What to work on: Set down every line from the one with "Funghi cardoncelli 330" to the end of the entries, both ends included, exactly as it reads and without pictures.

Stored items from a collection:

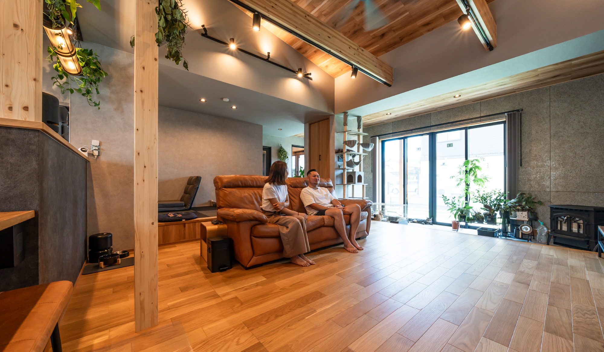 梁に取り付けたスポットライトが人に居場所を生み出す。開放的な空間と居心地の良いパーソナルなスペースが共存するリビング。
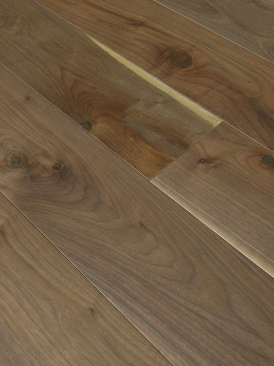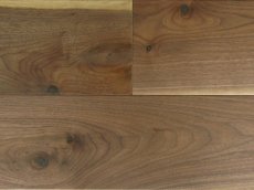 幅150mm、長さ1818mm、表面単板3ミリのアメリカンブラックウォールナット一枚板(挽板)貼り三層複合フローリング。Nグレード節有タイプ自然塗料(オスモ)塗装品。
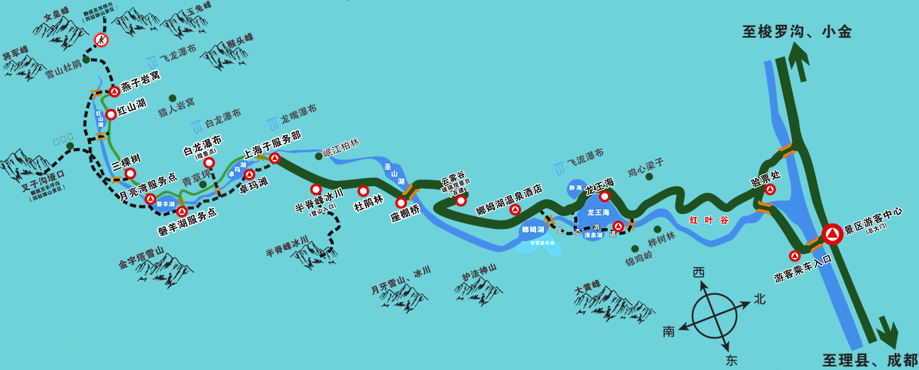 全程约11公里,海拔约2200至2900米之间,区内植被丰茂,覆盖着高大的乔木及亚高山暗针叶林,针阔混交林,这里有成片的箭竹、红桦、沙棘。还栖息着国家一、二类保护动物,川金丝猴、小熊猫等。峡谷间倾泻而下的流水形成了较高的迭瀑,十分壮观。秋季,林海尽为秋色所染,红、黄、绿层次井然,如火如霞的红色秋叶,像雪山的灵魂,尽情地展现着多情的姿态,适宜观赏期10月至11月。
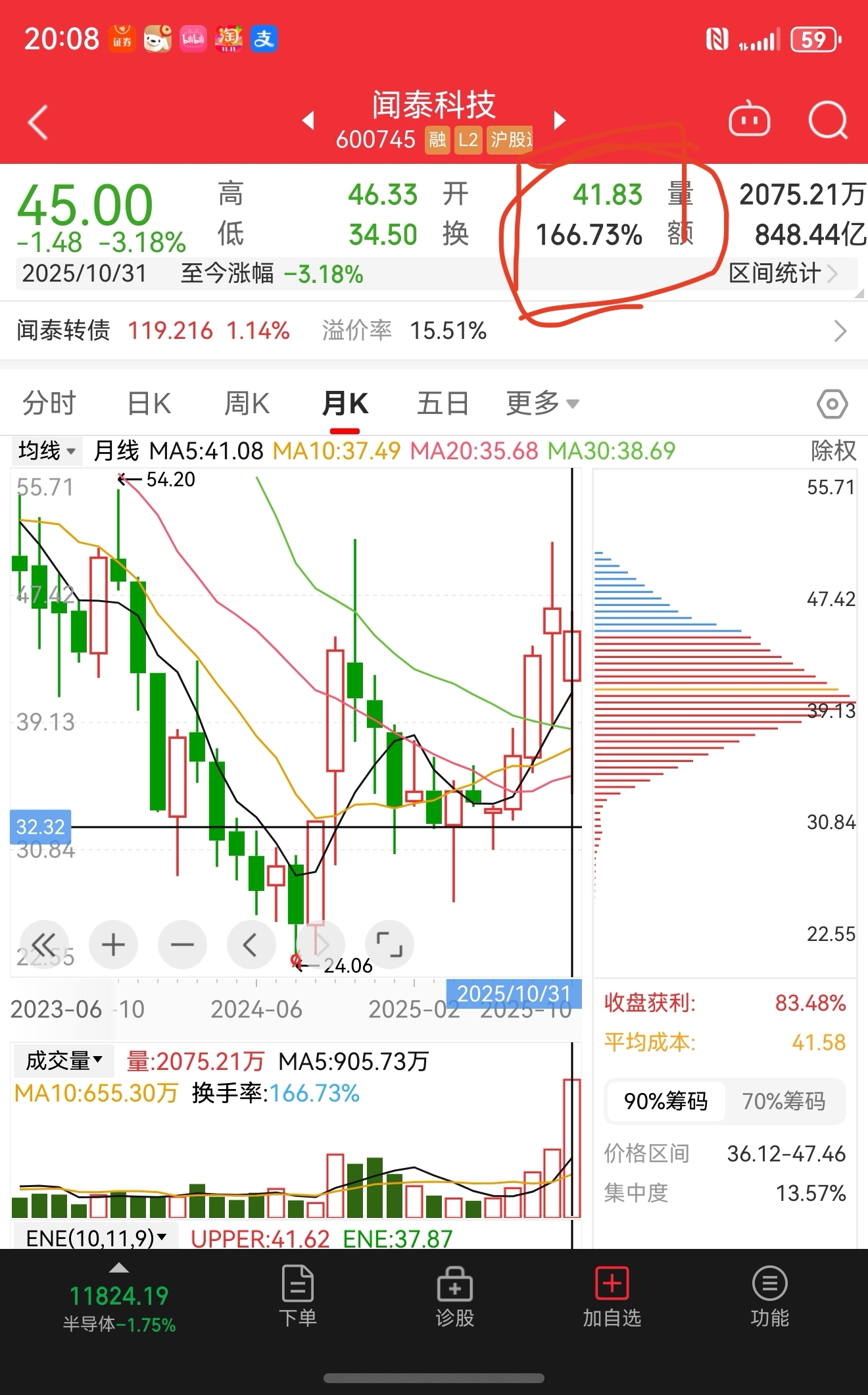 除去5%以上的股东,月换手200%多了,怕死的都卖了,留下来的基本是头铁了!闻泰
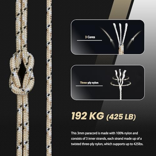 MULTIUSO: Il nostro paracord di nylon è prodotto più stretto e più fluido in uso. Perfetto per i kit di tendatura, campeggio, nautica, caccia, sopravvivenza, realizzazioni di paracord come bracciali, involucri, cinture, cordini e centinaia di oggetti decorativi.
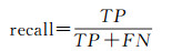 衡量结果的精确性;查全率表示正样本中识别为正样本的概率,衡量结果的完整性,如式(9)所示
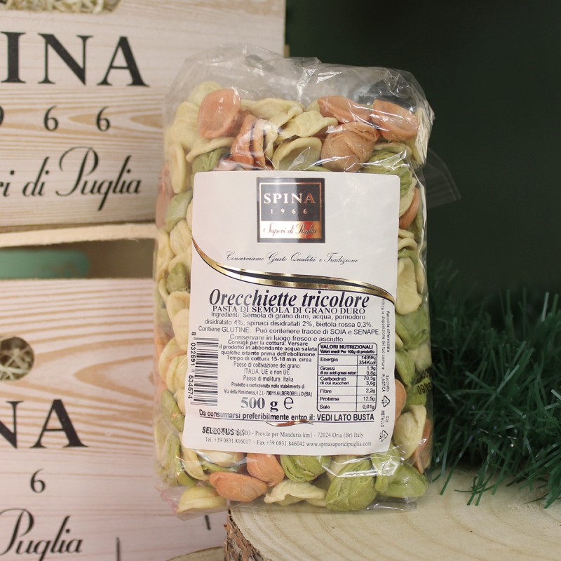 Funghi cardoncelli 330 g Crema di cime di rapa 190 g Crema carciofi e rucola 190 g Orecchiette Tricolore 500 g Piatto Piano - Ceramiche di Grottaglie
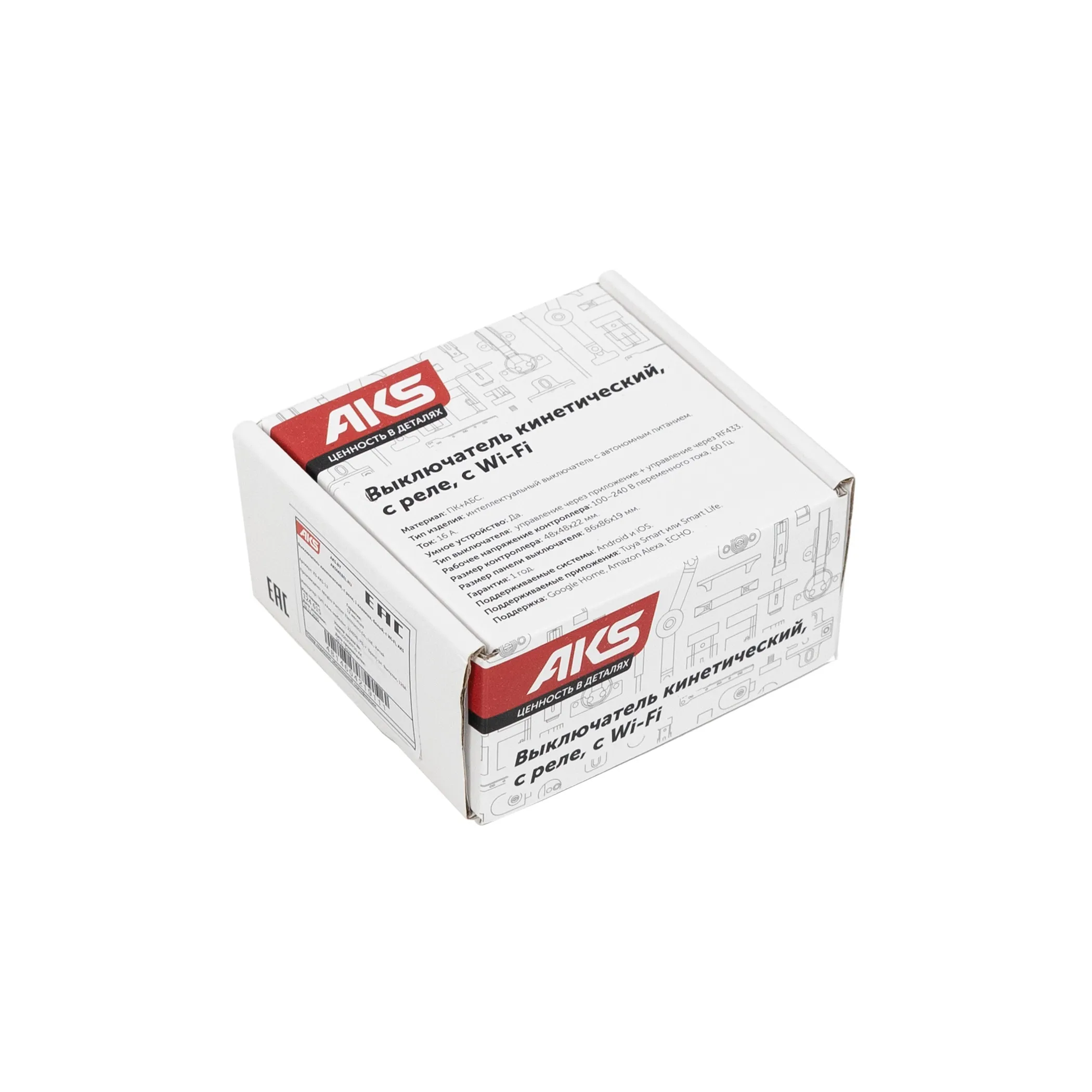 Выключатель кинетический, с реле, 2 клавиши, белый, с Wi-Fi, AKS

Answer space:
 Funghi cardoncelli 330 g Crema di cime di rapa 190 g Crema carciofi e rucola 190 g Orecchiette Tricolore 500 g Piatto Piano - Ceramiche di Grottaglie
 Выключатель кинетический, с реле, 2 клавиши, белый, с Wi-Fi, AKS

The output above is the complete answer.